Status in Ubuntu on IBM z Systems:
  Fix Committed
Status in linux package in Ubuntu:
  In Progress
Status in linux source package in Focal:
  Fix Released
Status in linux source package in Groovy:
  In Progress

Bug description:
  SRU Justification:


  * Mellanox CX5 port multi-pathing is broken on s390x due to non-
  standard topology of PCI IDs (phys. and virtual)

  * The Mellanox Connect-X 5 PCI driver (mlx5) implements multi-path
  that can be used to combine multiple networking ports to improve
  performance and reliability.

  * For that purpose, the mlx5 driver combines PCI functions based on
  topology information (the function number) as determined by their PCI

  * Currently the Linux on Z PCI bus does not reflect PCI topology
  information in the PCI ID. As a result, the mlx5 multi-path function
  is broken and cannot be activated.


  * Backport 1: https://launchpadlibrarian.net/479699471/0001-s390-pci-

  * Backport 2: https://launchpadlibrarian.net/479699482/0002-s390-pci-

  * Backport 3: https://launchpadlibrarian.net/479699492/0003-s390-pci-

  * Backport 4: https://launchpadlibrarian.net/479699497/0004-s390-pci-

  * Backport 5: https://launchpadlibrarian.net/479700706/0005-s390-pci-

  * Backport 6: https://launchpadlibrarian.net/479700712/0006-s390-pci-

  * Backport 7: https://launchpadlibrarian.net/479700739/0007-s390-pci-

  * Backport 8: https://launchpadlibrarian.net/479700769/0008-s390-pci-

  * Backport 9: https://launchpadlibrarian.net/479700786/0009-s390-pci-

  * Backport 10: https://launchpadlibrarian.net/479700794/0010-s390-pci-

  * Backport 11: https://launchpadlibrarian.net/479700798/0011-s390-pci-

  * Backport 12: https://launchpadlibrarian.net/479700799/0012-s390-pci-

  [Test Case]

  * Prepare an IBM z13 or LinuxONE III (or newer) system with two or
  more RoCE Express PCI 2(.1) adapters.

  * Assign the adapters (and it's virtual functions) to an LPAR.

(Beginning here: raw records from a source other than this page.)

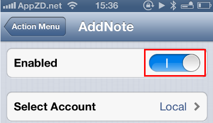 設置安裝後無需特別設置直接使用,不過要確保你的 Action Menu裡“擴展支持”選項是開啟狀態,打開 設置 ->AddNote for ActionMenu可查看狀態,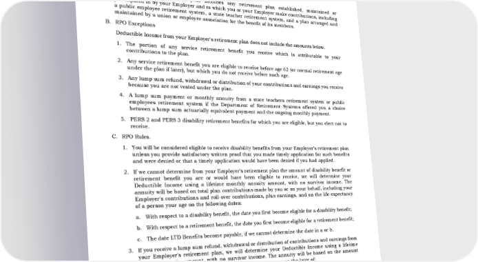 2. If you do not receive a benefit, refund, withdrawal, or distribution from your Employer's retirement plan, your Deductible Income will be: a. the retirement income benefit option that comes closest to providing you a monthly income for life with no survivor's benefit, which b. you are eligible to receive, or would have been eligible to receive had timely application been made. Your Employer's retirement plan includes any retirement plan established, maintained or participated in by your Employer and to which you or your Employer make contributions, including a public employee retirement system, a state teacher retirement system, and a plan arranged and maintained by a union or employee association for the benefit of its members. B. RPO Exceptions Deductible Income from your Employer's retirement plan does not include the amounts below. 1. The portion of any service retirement benefit you receive which is attributable to your contributions to the plan. 2. Any service retirement benefit you are eligible to receive before age 62 (or normal retirement age under the plan if later), but which you do not receive before such age. 3. Any lump sum refund, withdrawal or distribution of your contributions and earnings you receive because you are not vested under the plan. 4. A lump sum payment or monthly annuity from a state teachers retirement system or public employees retirement system if the Department of Retirement Systems offered you a choice between a lump sum actuarially equivalent payment and the ongoing monthly payment. 5. PERS 2 and PERS 3 disability retirement benefits for which you are eligible, but you elect not to receive. C. RPO Rules. 1. You will be considered eligible to receive disability benefits from your Employer's retirement plan unless you provide satisfactory written proof that you made timely application for such benefits and were denied or that a timely application would have been denied if you had applied. 2. If we cannot determine from your Employer's retirement plan the amount of disability benefit or retirement benefit you are or would have been eligible to receive, we will determine your Deductible Income using a lifetime monthly annuity amount, with no survivor income. The annuity will be based on total plan contributions made by you or on your behalf, including your Employer's contributions and roll-over contributions, plus earnings, and on the life expectancy of a person your age on the following dates: a. With respect to a disability benefit, the date you first become eligible for a disability benefit; b. With respect to a retirement benefit, the date you first become eligible for a retirement benefit; c. The date LTD Benefits become payable, if we cannot determine the date in a or b. 3. If you receive a lump sum refund, withdrawal or distribution of contributions and earnings from your Employer's retirement plan, we will determine your Deductible Income using a lifetime monthly annuity amount, with no survivor income. The annuity will be based on the amount you receive, and on the life expectancy of a person your age on the later of: a. The date the lump sum is paid; and b. The date LTD Benefits become payable. LT.RO.01X 377661-B - 12 6/29/2022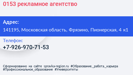 0153, рекламное агентство по адресу 141195, Московская область, Фрязино, Пионерская, 4 к1 в дальнейшем Организация, размещена в следующих категориях: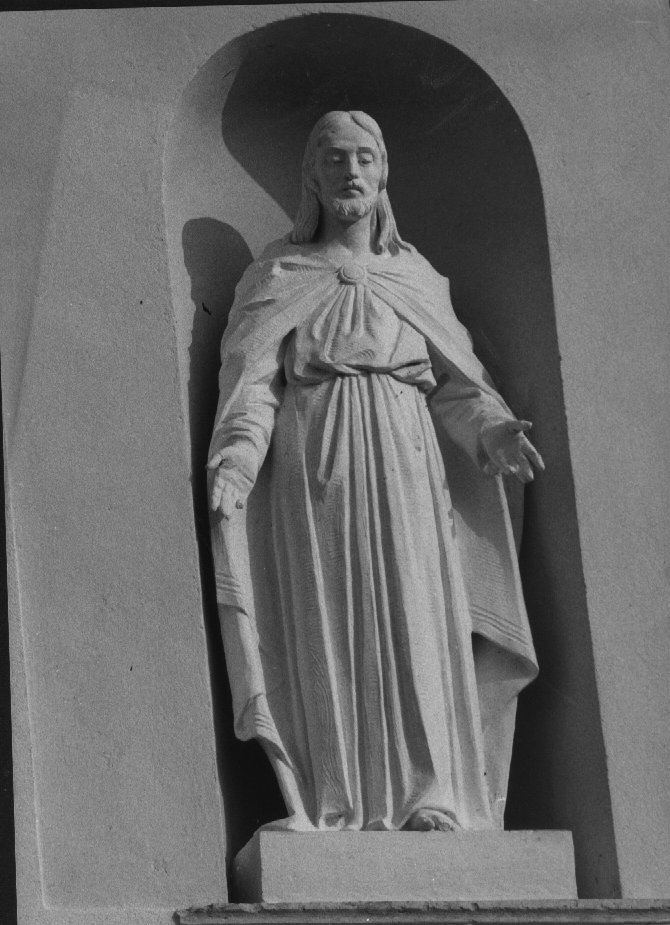 Statua raffigurante Cristo Salvatore con le braccia aperte e vestito di una tunica e di un manto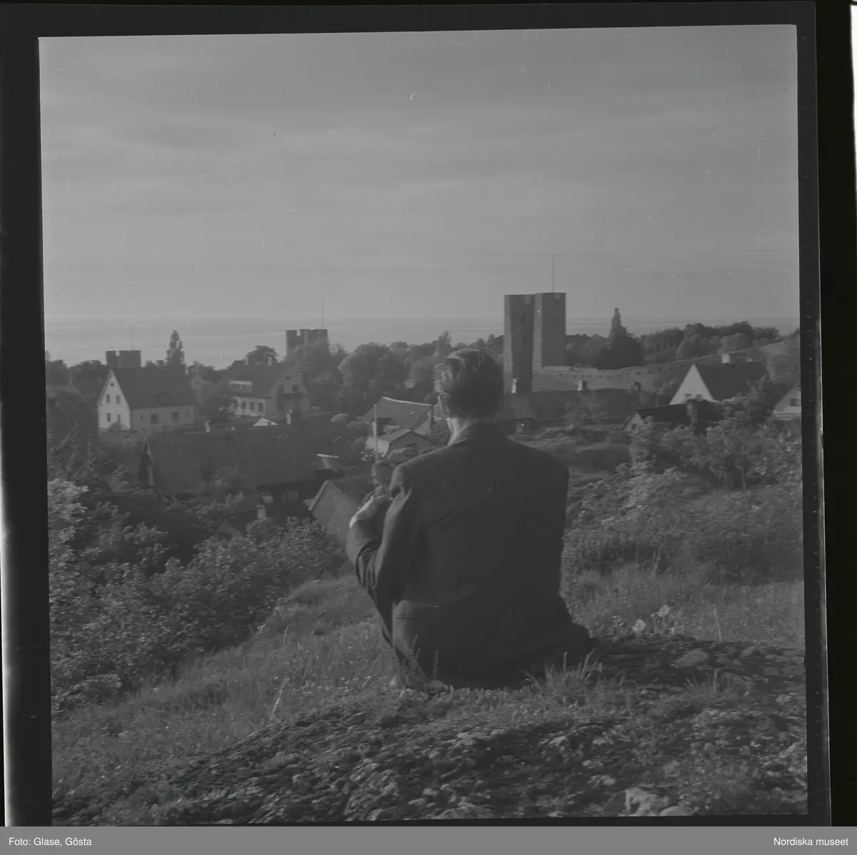 Visby i fågelperspektiv och ringmuren, 18 juni 1944.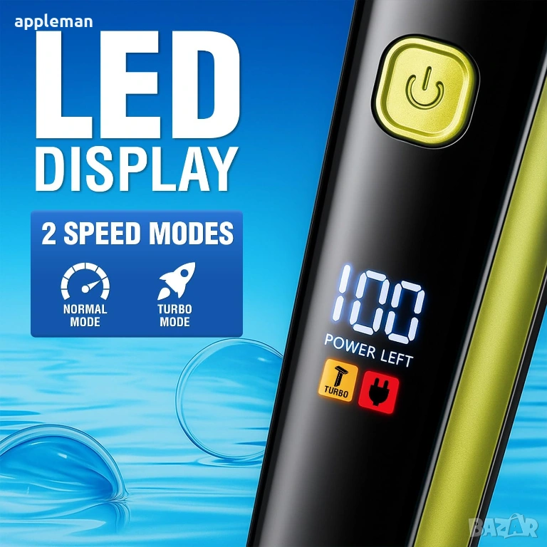 Бутон ON/OFF с Turbo функция за по-висока мощност при нужда. LED дисплеят показва нивото на батерията.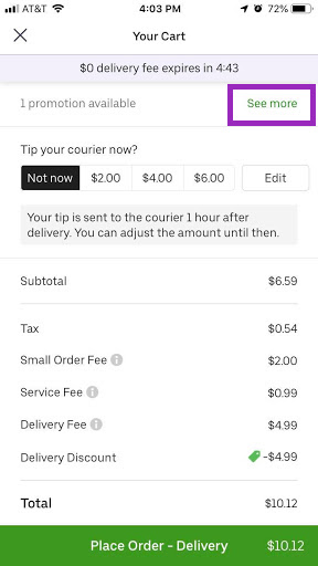 恥ずかしながらヘビーユーザーですので、アプリ内とアプリ外の両方でプロモーションコードを目を皿のようにして探します。Uber Eatsでの注文は今週に入ってすでに4度目となっており、プロモーションコードを使うことは、その罪悪感の若干の軽減に役立ちます。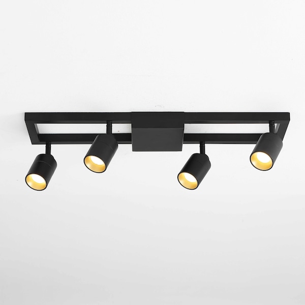Shura Black 4-Light Square Ceiling Light with Rotatable Heads, Integrated LED Bulbs, 3000k, 1820 Lmn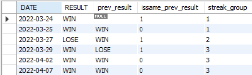 sum(issame_prev_result) OVER (ORDER BY DATE) as 'streak_group'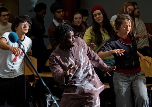 Paa Seck leads a lively dance in Rambax MIT’s “Takusaanu Dakar” in Lobdell on Saturday, Dec. 8. The night consisted of traditional Senegalese music and performances by Group Saloum. Rambax is co-directed by artist-in-residence Lamine Touré (who is also a member of Group Saloum) and Patricia Tang.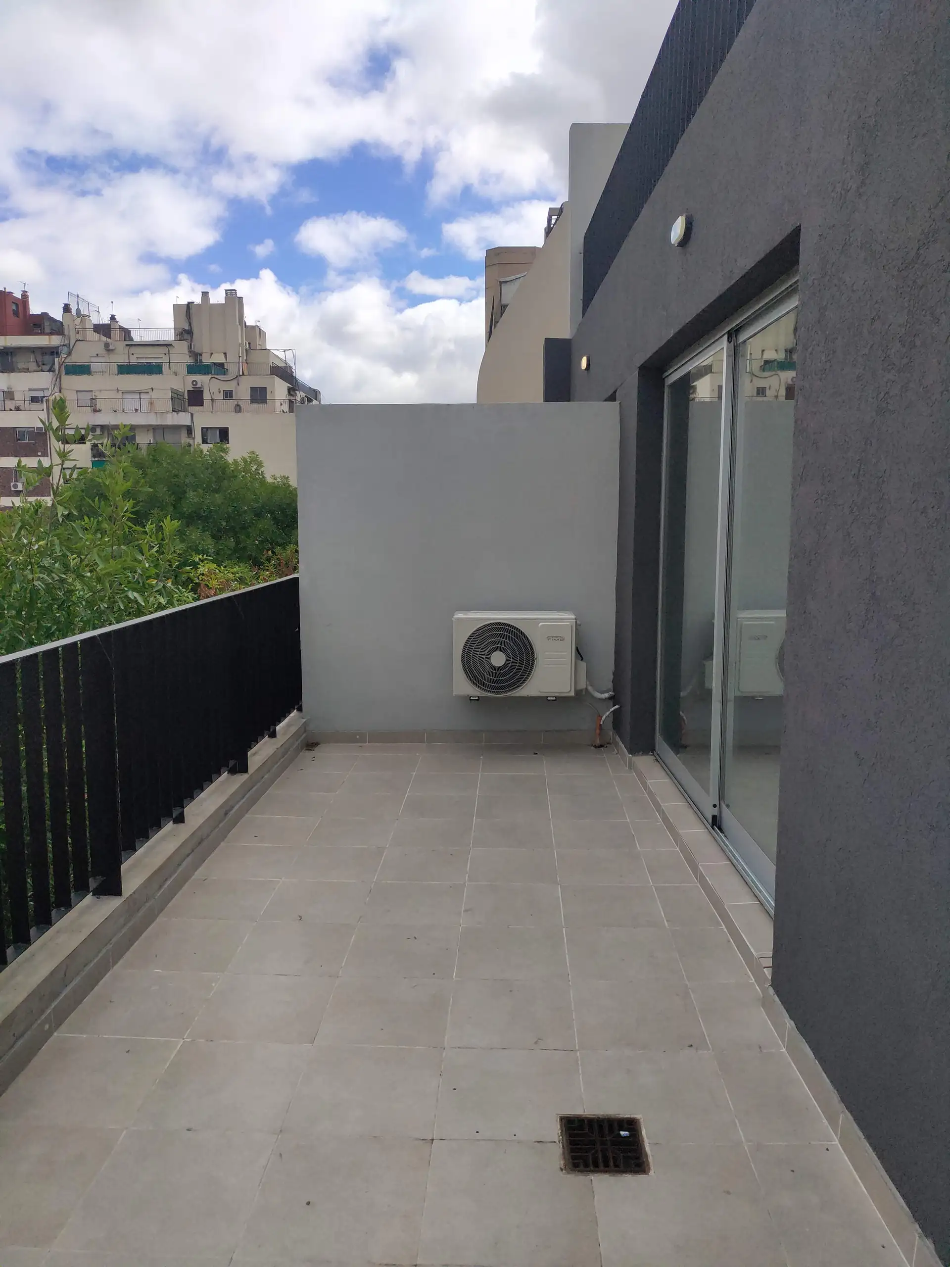 Departamento de 2 ambientes de 55 m² totales y 40 m² cubiertos, al frente, en Almagro Norte. Tiene balcón terraza con vista abierta y salida desde el living y el dormitorio. Cuenta con living comedor con aire acondicionado, baño completo con bañera, cocina eléctrica y agua caliente por caldera; conexión para lavarropas en el balcón. El edificio dispone de terraza común con parrilla y laundry. Alquiler 800.000, contrato a 12 o 24 meses, actualización semestral por IPC. Expensas aprox. $240.000, a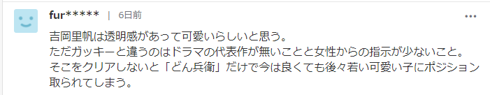 “吉冈里帆确实很清纯可爱,但她和gakki的区别是,她没什么代表作,也不受女性观众喜欢。如果她不认清这点,迟早会被更年轻可爱的女星取代。”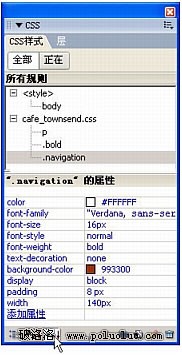 現在,您將使用"CSS 樣式"面板向 .navigation 規則添加更多屬性。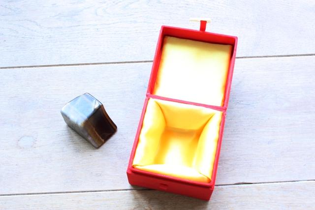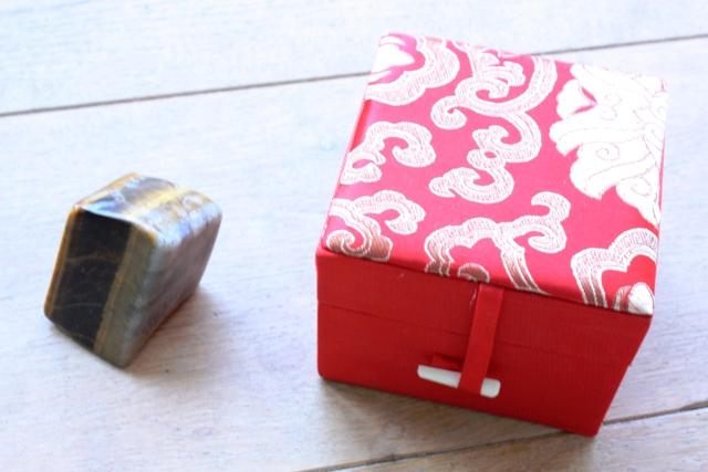 Kelių centimetrų skersmens nugludintas tigro akies akmuo iš Kinijos, su gražia dėžute.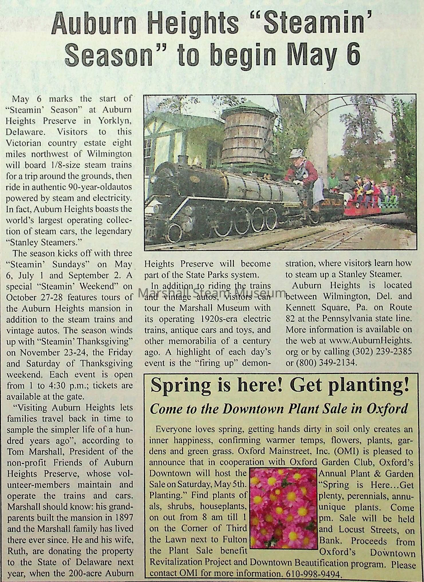 Article from the Chester County Press covering the Steamin' Day season schedule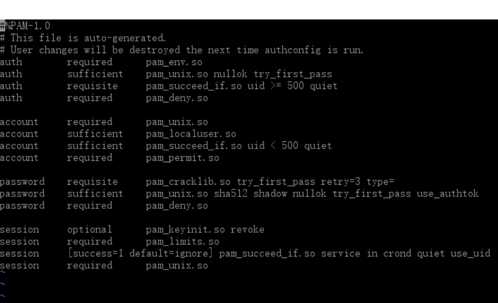 修改/etc/pam.d/system-auth配置:(注意:在root用户下进行,其余用户对这个文件只有读的权限)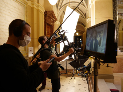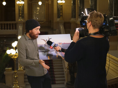 Do poslední chvíle jsme odkládali rozhodnutí o jeho on-line podobě. Stále se třepotala jiskřička naděje, že třeba najednou čísla nakažených klesnou a akce se budou moci konat… Nebylo nám přáno. Ceremoniál tedy on-line. Oslovili jsme již našeho tradičního moderátora Vladimíra Kroce a o natáčení a produkci se postaral Jakub Mahdal se svým týmem, který poslední roky pro Czech Press Photo připravuje nominační videa. Spolupráce s nimi byla skvělá. Profíci. Profíci v prostorách národního muzea prezentují profesionální fotografie. Dokonalá kombinace. Díky jim za spolupráci.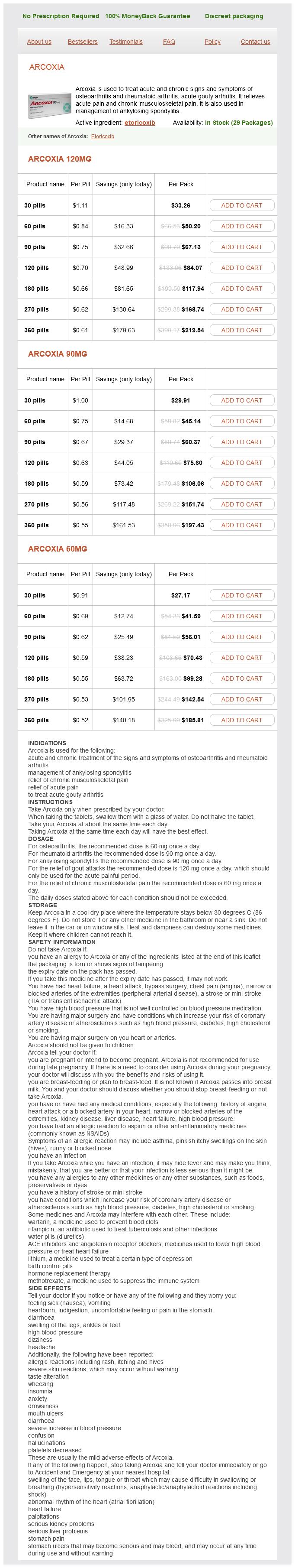 Arcoxia packs: 30 pills, 60 pills, 90 pills, 120 pills, 180 pills, 270 pills, 360 pills

  * Verify whether the physical and virtual functions are grouped in
  arbitrary order or in consecutive order - physical first (for example
  with lspci -t ...)

  [Regression Potential]

  * The regression potential can be considered as moderate, since:

  * It is purely s390x specific code (arch/s390/*
  drivers/iommu/s390-iommu.c and drivers/pci/hotplug/s390_pci_hpc.c -
  and some doc adjustments, too).

  * It largely affects zPCI, the s390x specific PCI code layer.

  * PCI cards available for s390x are optional cards (RoCE and zEDC) and
  not very wide-spread.

  * The situation described above affects the RoCE adapters only
  (Mellanox based).

  * The patches are also upstream accepted and available via linux-next,
  but to apply them to focal kernel 5.4 the above backports are needed.

  * However, the code is modified by several patches (12), hence there
  is a chance to break zPCI with them.

  * For upfront testing a PPA got created with a focal (master-next)
  kernel that incl. all the above patches.


  Today, the enumeration of PCI functions on s390x does not reflect
  which functions belongs to which physical adapter.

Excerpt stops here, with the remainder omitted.